If suspicions about the accuracy of a computed result arise, how long does it take to either allay or justify them?

Often diagnosis has taken longer than the computing platform's service life. Software tools to accelerate diagnosis by at least an order of magnitude could be provided but almost no scientists and engineers know to ask for them, though almost all these tools have existed, albeit not all together in the same place at the same time. These tools would cope with vulnerabilities peculiar to Floating-Point, namely roundoff and arithmetic exceptions.
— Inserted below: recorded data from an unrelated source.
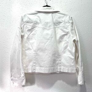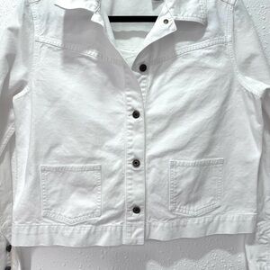 Chic 100% cotton white denim jacket with button closure. Features two front patch pockets and long sleeves.
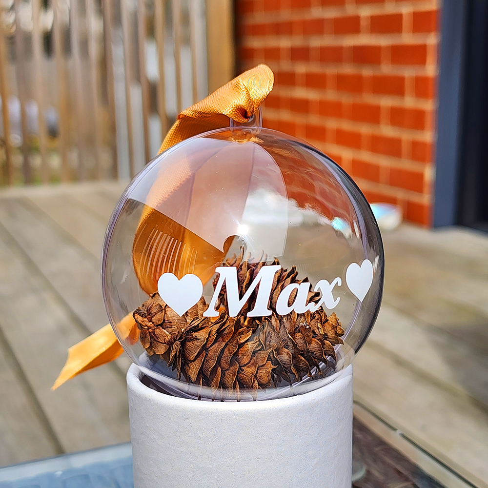 Ready-to-hang clear bauble filled with pine cones and personalised with your family/friends names.
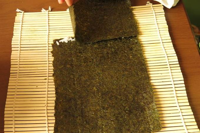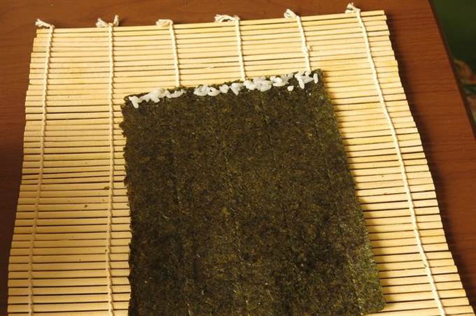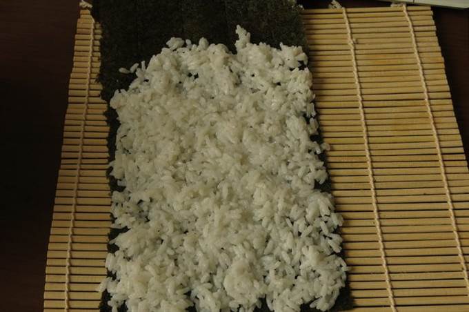 3/4 листа нори кладем на коврик (размер листа зависит от длины яичного рулета). По краю листа выкладываем тонкой полоской рис.
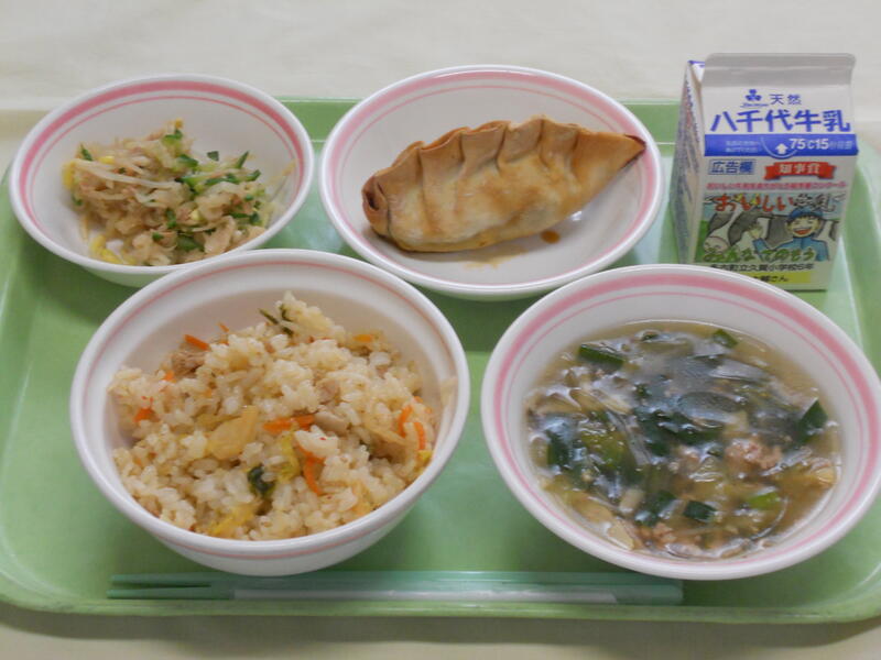 キムタクごはん 焼き餃子 切干大根のナムル 春雨スープ 牛乳 |
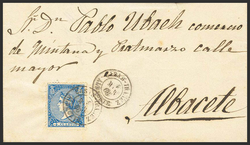 81. 1866. 4 cuartos azul. CASAS-IBAÑEZ a ALBACETE. Matasello CASAS-IBAÑEZ / ALBACETE. MAGNIFICA.
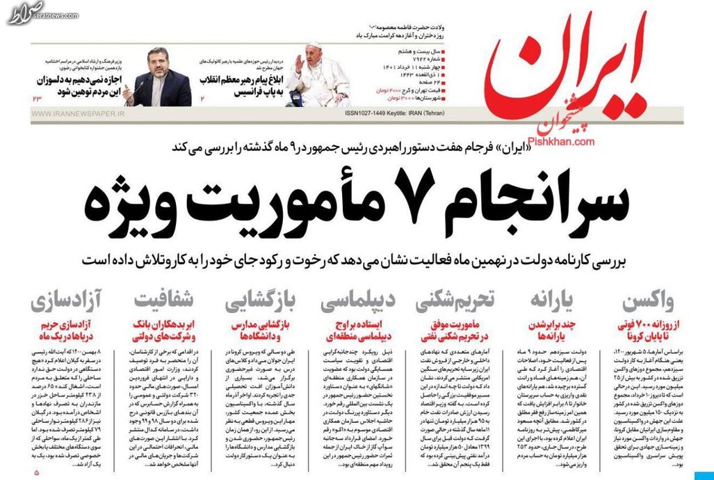 تصاویر / پیشخوان روزنامههای پنجشنبه ۱۲ خرداد
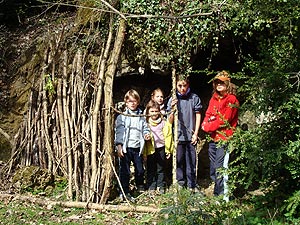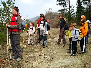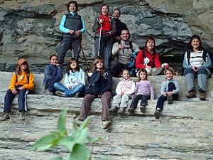 Era la sortida alternativa a la ferrada Teresina -Montserrat- per a aquells a qui no els agraden les ferrades, són massa petits o no tenien prou nivell per fer-la. La idea d'anar a les Baumes del Teixidor la van donar des de Gurb. L'Àngela, l'àvia, ho havia comentat quan vam anar al Pont Cabradís, a l'octubre, ja que ho havia vist a TV3 en un reportatge. Així, a les 10:30 i ja esmorzats ens vam trobar a la plaça Bisaura de Sant Quirze de Besora, els Gabarró-Solanas (sense el Lluís), els Rigola-Solanas al complert i la família de les Angeles (Àngela, Mia i Àngels) amb el pare, el Dídac.
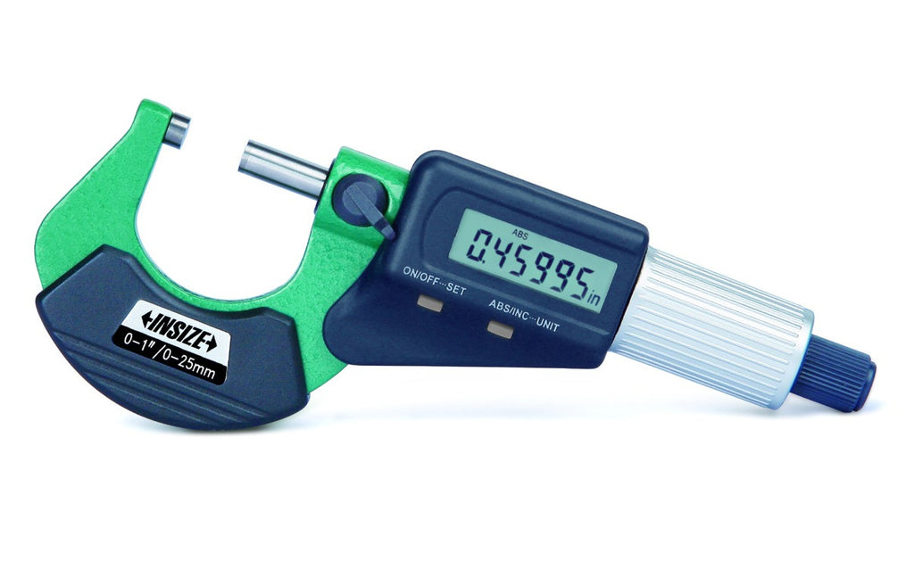 INSIZE Electronic Micrometer Features include... 3-4" / 75-100mm Measuring Range 0.00005” / 0.001mmResolution Buttons: power on/off, inch/mm conversion, absolute and incremental measurement, data set Auto power off SR44 battery, includes one spare battery DIN863, painted and insulated frame, ratchet friction thimble, spindle lock, with battery cover wrench, carbide tips Spherical anvil included allows tube thickness measurements Micrometers over 0-1”/0-25mm are supplied with a setting standard No SPC Output Supplied in fitted storage case
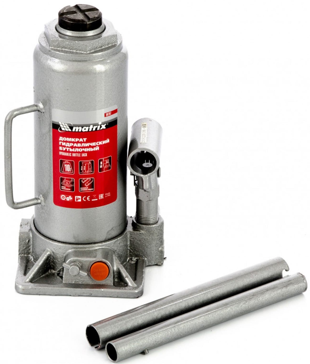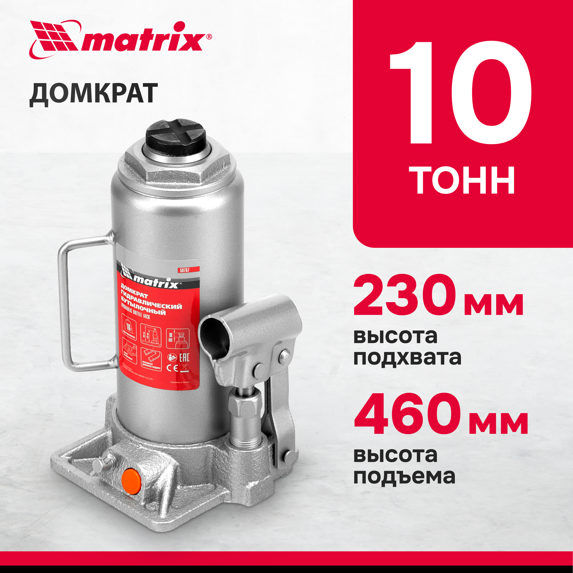 Домкрат гидравлический бутылочный Matrix 50767, 10 т, h подъема 230–460 мм
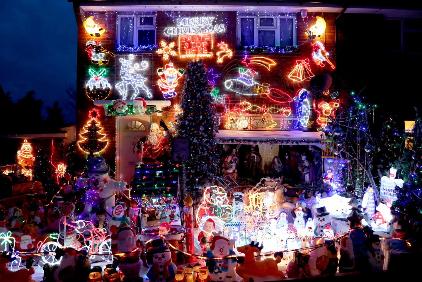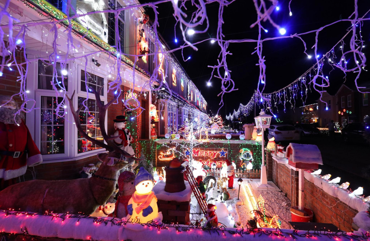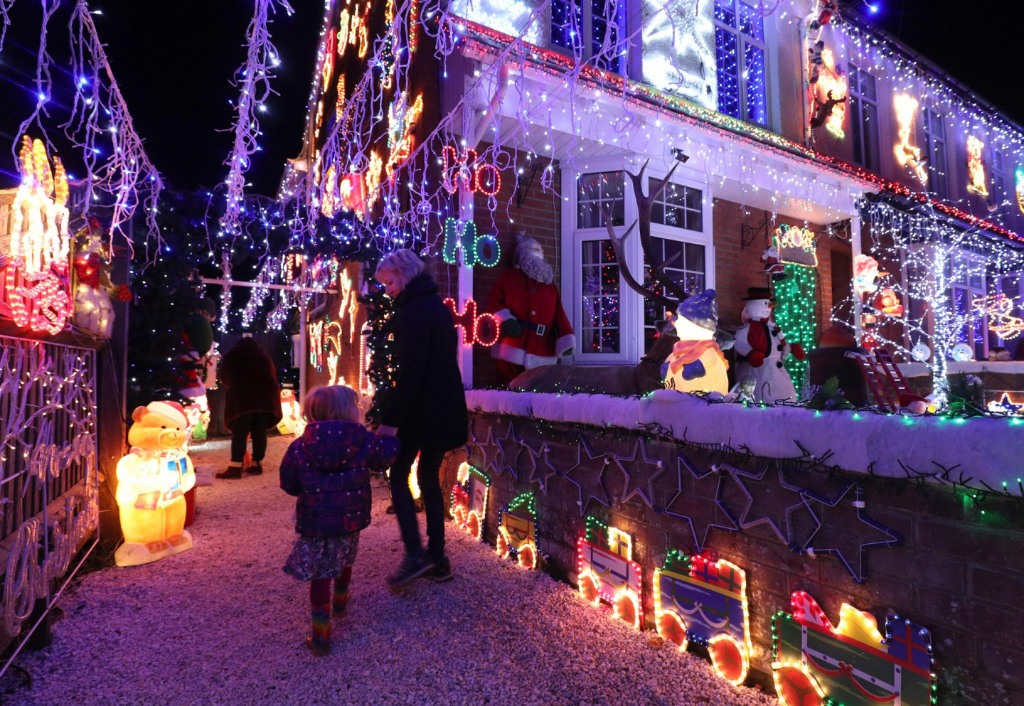 Saseksā, Anglijā, iemūžināts, kā izskatās kāda ģimenes māja, kas izrotāta Ziemassvētkiem.
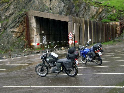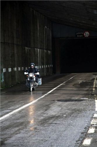 Kolegům přede mnou zdá se mokro nesedí. Asi vprostřed kopce mě napadne, že bych se mohl trhnout vpřed a zkusit u tunelu udělat pár jízdních fotek. Takže předjedu a mažu nahoru, co dá stroj a silnice. Bohužel, nahnat dostatečný náskok se mi nedaří, než bych tasil foťák, byli by všici přede mnou. Tak tedy projedu tunel a setkáme se všichni na severní straně.
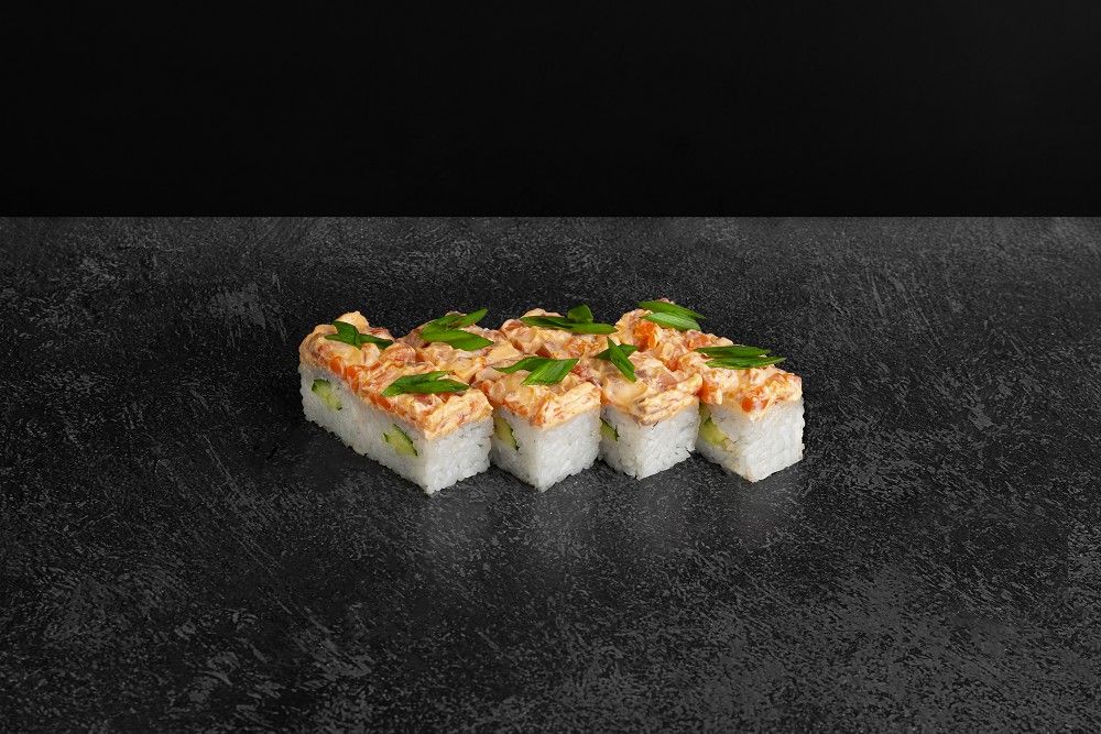 Состав: рис, нори, огурец, лосось, соус спайси, лук зеленый. В комплекте: имбирь-1 шт, васаби-1 шт, соевый соус-1 шт.

But who would pay to develop the suite of these tools?

Nobody, unless he suspects that the incidence of misleadingly anomalous Floating-Point results rather exceeds what is generally believed. Ample evidence supports that suspicion.

William Kahan Biography

Prof. W. Kahan (now retired) error-analyzes scientific and engineering floating-point computations on electronic computers, which he has programmed since 1953.

Born and educated in Toronto, Canada, he spent two Post-doctoral years (1958-60) at Cambridge, England, before returning to teach at the University of Toronto until 1969, when he moved to the  University of California, Berkeley. Among his contributions are the infallible algorithms for the HP-12C financial calculator (still for sale since 1982), fast and accurate singular-value decompositions (with  G.H. Golub in 1964) now used very widely, and the mathematical foundation for the now near-ubiquitous IEEE Standard 754 for Binary (and later Decimal) Floating-Point.

Among his trophies are the ACM Turing Award (1989), S.I.A.M's Von Neumann Lecture (1997), and the IEEE Piore Award (2000).